What needs to be done: Please restate, exactly, only the lines from the beginning of the listing below through the line containing "Новый расфасовочно упаковочный", with the pictures left out.

::: Dataset records :::

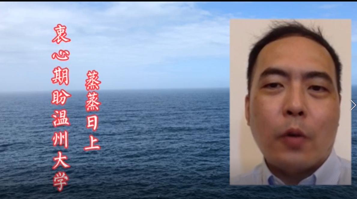 苏琦老师发来了录制的视频,他表示非常荣幸曾经与大家在温州这片热土上并肩前行,他永远为他曾是温州大学的教授而感到骄傲,他祝愿温州大学和香蕉视频
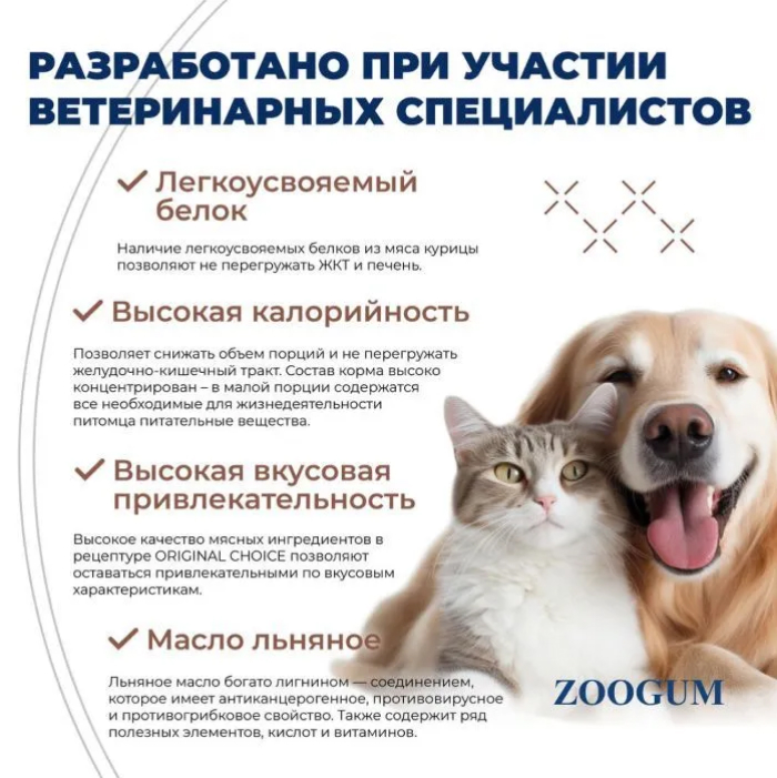 Высокое качество мясных ингредиентов в рецептуре ORIGINAL CHOICE позволяют оставаться привлекательными по вкусовым характеристикам.
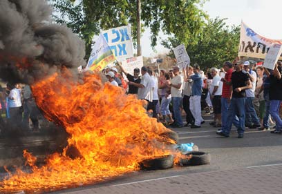 עובדי "פרי גליל" הבעירו צמיגים בחצור הגלילית
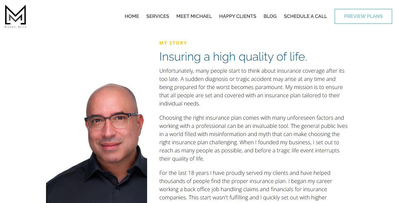 When buying insurance, people look for two important things: relatability and credibility. A solid “About Us” page, such as Michael Melle Insurance Group, shows real faces, credentials, and years of expertise, helping prospects feel like they’re dealing with someone legitimate, not just another site trying to sell online.
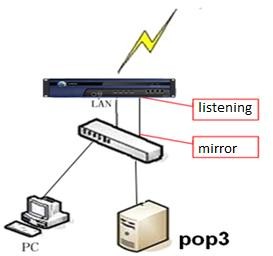 - A user uses a mail client to communicate with the POP3 server, and the device monitors the communication.
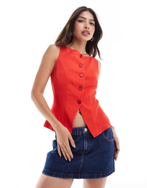 ASOS DESIGN linen blend longline vest in red
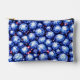 Sparkling blue gemstones and crystals, featuring various sizes and faceted surfaces that reflect light. The arrangement creates a visually rich texture with hints of red peeking through.
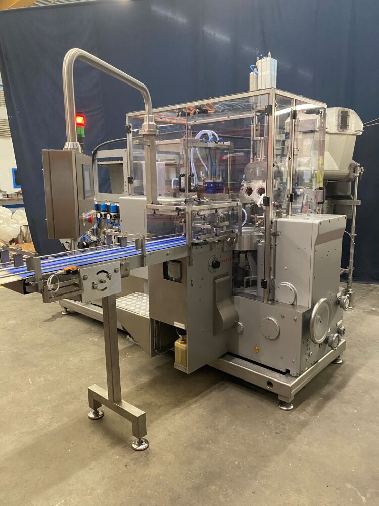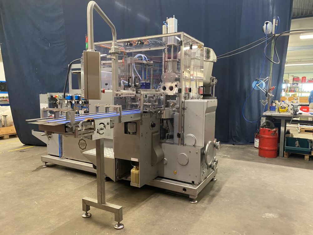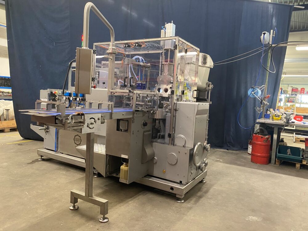 Новый расфасовочно упаковочный автомат после реновации Benhil Multipack 8362 для фасовки масла или маргарина. Benhil Multipack 8362 полностью механический автомат, без гидравлических, электронных, пневматических деталей или таймеров.
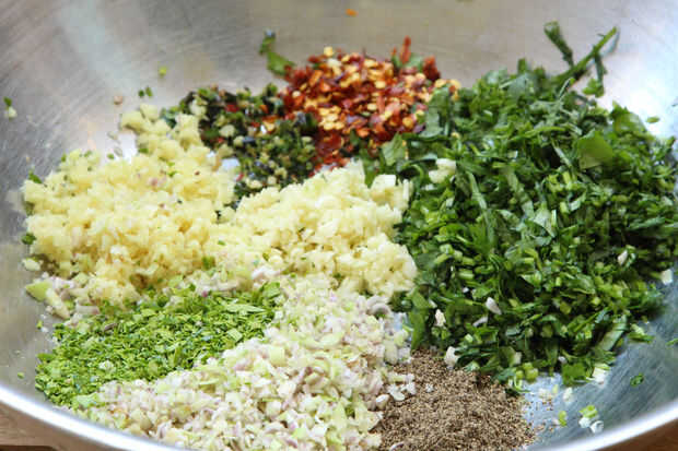 Mientras esperas la carne conseguir frío usted puede preparar las hierbas y condimentos para que estén listos para ir.
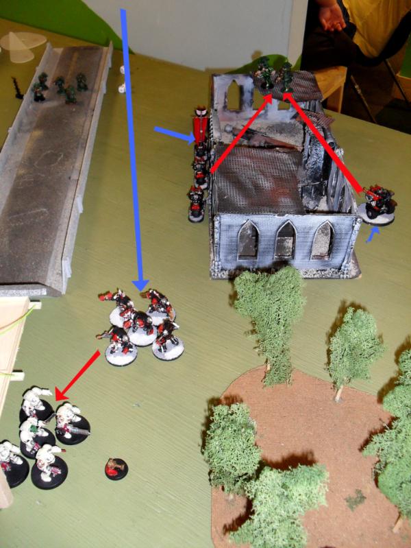 DA belial and chaplain nearly decimated the squads, killing 2 each at initiative 5. The majority of the two squads chose to focus on the regular terminators, killing them all. The two powerfists dedicated to killing the heroes utterly failed with the single wound scored out of the 6 attacks being saved by belial's invulnerable save. LUckily, no one on my side died due to fearless lost combat checks though.
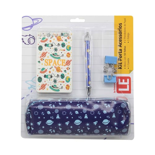 Kit Gift space porta acessórios com 05 peças. O conjunto acompanha 01 estojo basic decorado, 01 caneta decorada, 02 binder clips e 01 mini caderneta para anotações 50 folhas. Excelente opção de presente para quem gosta de organizar as atividades do dia a dia, com qualidade, estilo e praticidade.

:::

Response:
 苏琦老师发来了录制的视频,他表示非常荣幸曾经与大家在温州这片热土上并肩前行,他永远为他曾是温州大学的教授而感到骄傲,他祝愿温州大学和香蕉视频
 Высокое качество мясных ингредиентов в рецептуре ORIGINAL CHOICE позволяют оставаться привлекательными по вкусовым характеристикам.
 עובדי "פרי גליל" הבעירו צמיגים בחצור הגלילית
 When buying insurance, people look for two important things: relatability and credibility. A solid “About Us” page, such as Michael Melle Insurance Group, shows real faces, credentials, and years of expertise, helping prospects feel like they’re dealing with someone legitimate, not just another site trying to sell online.
 - A user uses a mail client to communicate with the POP3 server, and the device monitors the communication.
 ASOS DESIGN linen blend longline vest in red
 Sparkling blue gemstones and crystals, featuring various sizes and faceted surfaces that reflect light. The arrangement creates a visually rich texture with hints of red peeking through.
 Новый расфасовочно упаковочный автомат после реновации Benhil Multipack 8362 для фасовки масла или маргарина. Benhil Multipack 8362 полностью механический автомат, без гидравлических, электронных, пневматических деталей или таймеров.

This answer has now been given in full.